Judas exprimira o seu arrependimento: «Pequei ao entregar sangue inocente»
(Mt 27,4). Mas o demônio, ao ouvir estas palavras, percebeu que Judas estava no
bom caminho e esta transformação assustou-o. Em seguida, refletiu: «O seu mestre
é benevolente, pensou; na altura em que ia ser traído por ele, chorou pelo seu
destino e suplicou-lhe de mil maneiras; seria de admirar que não o recebesse se
ele se arrependesse com toda a sua alma, que renunciasse a abraçá-lo se se
erguesse e reconhecesse o seu pecado. Não foi por isso que Ele foi crucificado?»

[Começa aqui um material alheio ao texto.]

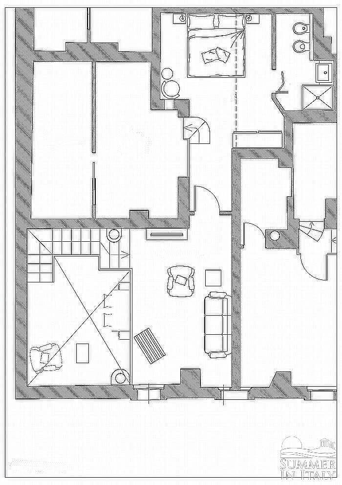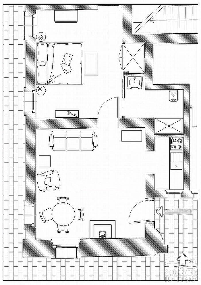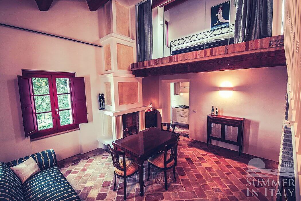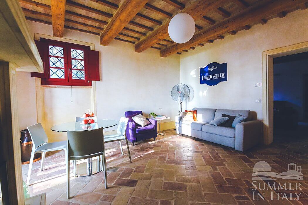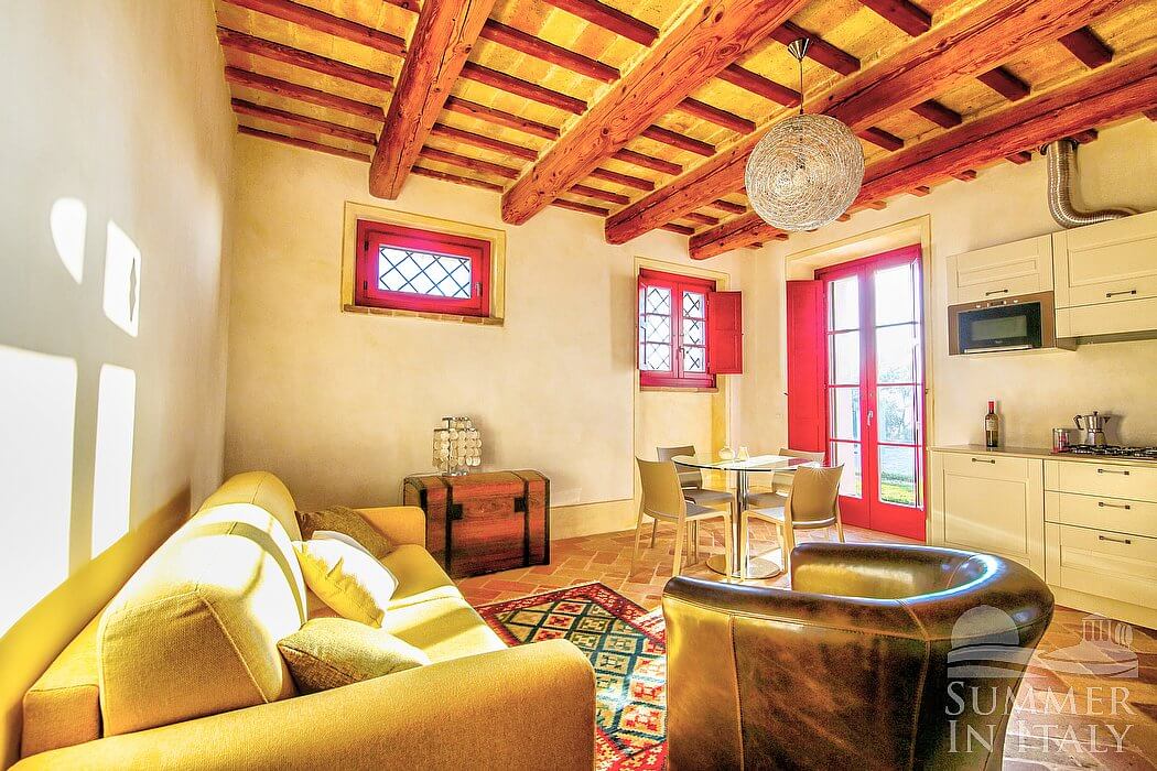 The fourth living room is paved with terracotta tiles. The ceiling has characteristic exposed wood beams and terracotta tiles. The furnishings are simple and comfortable, and include a sofa. There is a nice fireplace made of bricks. In the living room you will also find a cooking area. The kitchenette is equipped with a four-burner gas cooker, a small refrigerator without freezer, a dishwasher, a microwave oven, an Italian-style coffee-maker and a kettle. The dining table can accommodate four guests. In this room you will find a satellite smart TV. The room has two windows. It is equipped with underfloor cooling.

Após estas reflexões, lançou uma profunda perturbação no espírito de Judas; fez
com que nele crescesse um imenso desespero capaz de o desconcertar, extenuou-o
até que conseguiu levá-lo ao suicídio, roubar-lhe a vida após tê-lo despojado
dos seus sentimentos de arrependimento.
Não há dúvida nenhuma: se ele tivesse vivido, seria salvo. Basta olhar para o exemplo dos carrascos. Com efeito, se Cristo salvou aqueles que O crucificaram, se, mesmo na cruz, ainda rezava a Deus e intercedia junto d’Ele para que lhes concedesse o perdão daquele
pecado (Lc 23,34), como não teria acolhido o traidor com total benevolência,
desde que este provasse a sinceridade da sua conversão? […] Pedro retratou-se
por três vezes após ter participado na comunhão dos santos mistérios; as suas
lágrimas absolveram-no (Mt 26,75; Jn 21,15ss.). Paulo, o perseguidor, o
blasfemador, o presunçoso, Paulo que perseguiu, não apenas o Crucificado, mas
também todos os seus discípulos, tornou-se apóstolo após ter-se convertido. Deus
pede-nos apenas uma penitência ligeira para nos conceder a remissão dos nossos
pecados.
São João Crisóstomo (c. 345-407), presbítero em Antioquia e em seguida bispo de
Constantinopla, doutor da Igreja.
Homilias sobre a conversão pronunciadas
quando regressou do campo, n°1 (a partir da trad. DDB 1978, p. 32)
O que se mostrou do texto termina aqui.